Der tschechische Staatspräsident ist ein vehementer EU-Kritiker. Diese Position vertritt er auch in seinem neuen Buch. Wer ihn dazu kritisch befragen möchte, muss schnell sein. Manuel Escher hat es versucht.

 

Wien - Es war ein Staatsbesuch, und nebenbei sollte auch ein wenig Buchpromotion Platz haben: Der tschechische Staatspräsident Václav Klaus weilte diese Woche in Österreich, besuchte Bundespräsident Heinz Fischer, Bundeskanzler Werner Faymann, die Wirtschaftskammer und auch die Industriellenvereinigung. Daneben stellte er sein jüngstes Werk Europa braucht Freiheit. Plädoyer eines Mitteleuropäers vor, in dem er die aktuelle Form der europäischen Integration in Bausch und Bogen verurteilt und das Friedensprojekt Europa als "kindische Idee" bezeichnet.

Nach längerem Hin und Her gelang es dem Standard, einen Interviewtermin mit Präsident Klaus zu bekommen, um ihn dazu zu befragen. Mit der Freiheit freilich, kritische Fragen zu stellen, kam der unbestritten streitbare Mitteleuropäer nicht ganz so gut zurecht. Klaus brach das Interview ab, noch bevor wir fragen konnten, warum die Tschechen denn nicht aus der EU austreten oder was Škoda machen würde, wenn es den Euro nicht mehr gäbe.
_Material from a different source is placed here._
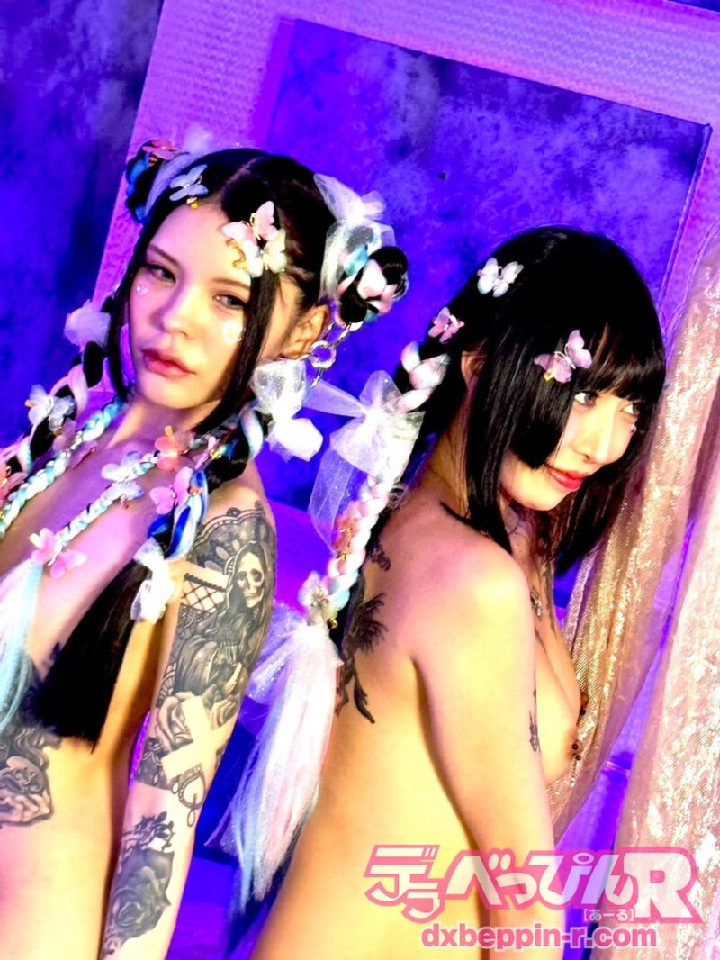 とりあえず衣装が無いから最初から全裸待機な2人。ヘアだけがカラフルに目立つ。

STANDARD: Wieso entwickeln sich in einer Zeit, in der andere Staaten wieder stärker in Richtung der europäischen Integration tendieren, gerade in Tschechien so starke Gegentendenzen?

Klaus: Ich bin der Meinung, dass die Tschechen ganz rational und vernünftig sind. Das ist die eine Seite. Und die andere ist: Wir haben die kommunistische Vergangenheit. Und wir sind in verschiedenen Hinsichten empfindlich, vielleicht überempfindlich, wenn es um die Eliminierung der Freiheit und der Demokratie in Europa geht. Deshalb sind wir kritischer als das zum Beispiel die Leute in Westeuropa und auch in Österreich sind. Und deshalb ist das unsere Position.

STANDARD: Beobachter aus Wirtschaft und Politik haben nach der Krise gesagt, dass es nun das Ziel sein müsse, die Probleme durch mehr europäische Integration zu überwinden. Sie argumentieren in die andere Richtung - warum?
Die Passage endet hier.